The sun, straight above, tracked her without mercy. Her heartbeat was loud. It was as loud a sound as Jared’s heart monitor. But she realized the pulsating came from outside her body, like the rhythmic throb of a distant drumbeat. As the crowd became more dense and determined, she found herself carried by it. Her movements became easier, she was no longer one but part of a human wave made up of entire families. There were women covered in burkas pushing strollers, and babies with dark hair and skin like golden silk. Everywhere, excited children were running and calling to each other. Men walked in groups, some with turbans, some kippas, all gesticulated, waving their hands, and speaking loudly to each other in strange languages. There were women in saris, women in miniskirts, women who carried young children and large totes.

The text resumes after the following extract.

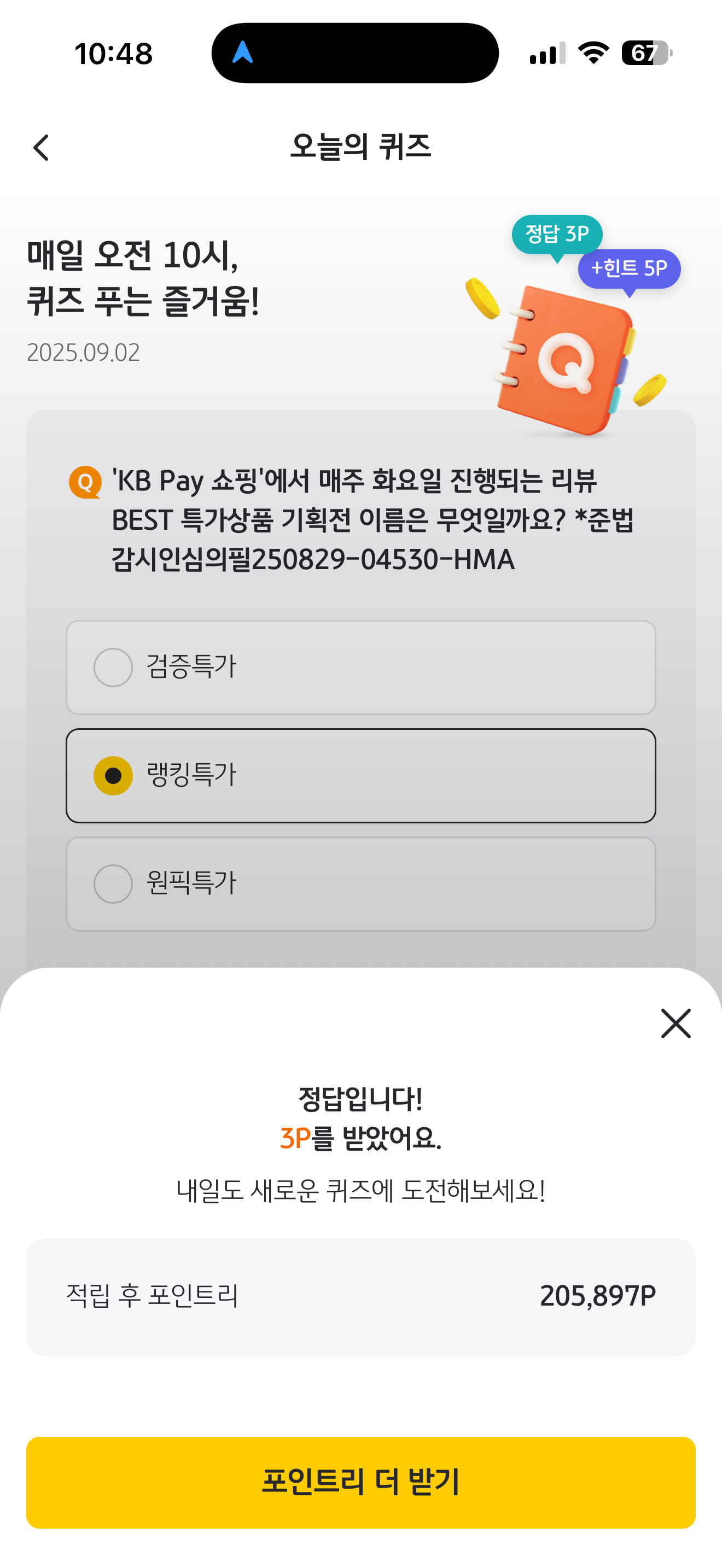 KB pay 오늘의 퀴즈 정답은 랭킹특가 입니다

No one paid attention to Althea, as always. So she made herself one with the crowd without intention or thought other than to get to water. Suddenly, she was right under the flags and colorful awnings, engulfed in the scents of exotic food, grilled meats, spices, mint. There were perfumes too, musk, patchouli. A market? The drumbeat became more insistent as new instruments joined in the rhythmic melody of Arabic music that grew louder and more exuberant as she approached. There were piles of fruit, huge legs of lamb turning on skewers with blades like swords, their juices oozing out over the flames that licked them, vegetable stews cooking in immense pots. Men and women waited in line to be served. She recognized couscous. Annie had served it once and she had not dared taste it at the time. But today she would. She would wait in line and be served steaming couscous, and maybe one of the thin spicy sausages. But before she could get closer to the food stands the crowd carried her away, toward an area of vibrant color: rugs, gold, jewels, beads, and Indian fabrics, piles of it, caressed by a woman in a sari, so green and vivid it was fluorescent. The woman’s wrinkled hands like leather on silk. Everywhere, there were children with cotton candy in their hands darting around their mothers like flashes of lights. An old man was setting up copper pots, pans, and jars, all gleaming in the light, and smiled broadly at her, the porcelain white smile against his dark face. He told her something, something she did not understand. She wanted to stop moving but her body was in motion, her body had someplace to go; her body that wanted water or food but knew only how
not
to eat and drink. She did not feel in control of her senses. She could smell, and see with such delicious and heartbreaking clarity despite her thirst, hunger and exhaustion. Her senses had expanded in wild surges. Everything she saw and smelled and touched was intensified, magnified. A knobby man with slick hair was holding a voluptuous woman, his thin arms around her bare waist. Her skin was made of melted chocolate. Althea loved that beautiful skin, she who had never noticed skin before, hers or anyone else’s. But already the couple had disappeared. A small man in a dark suit walked toward her holding a sandwich. As he walked, he bit into the overflowing sandwich, juices dripped onto the ground—a disgusting sight, a fascinating sight. Althea wanted to tear the sandwich out of the man’s hand. Food was everywhere again; Kebabs folded in pita bread. A fruit salad a woman cut before her eyes, her wet hands holding peaches and splitting them into chunks. Lemonade, the lemons dancing with ice cubes. Her head spun. This was the throbbing life that had been accessible to the rest of humanity all along. It did exist. It was real. And she did not need to be with Jared to experience it. And she liked it, yes, she wanted it. She wanted to touch it and be touched by it. She wanted to taste and feel. She wanted to bask in the immense sensuality of being alive; she wanted to learn how to make it happen to her every day like it was happening now.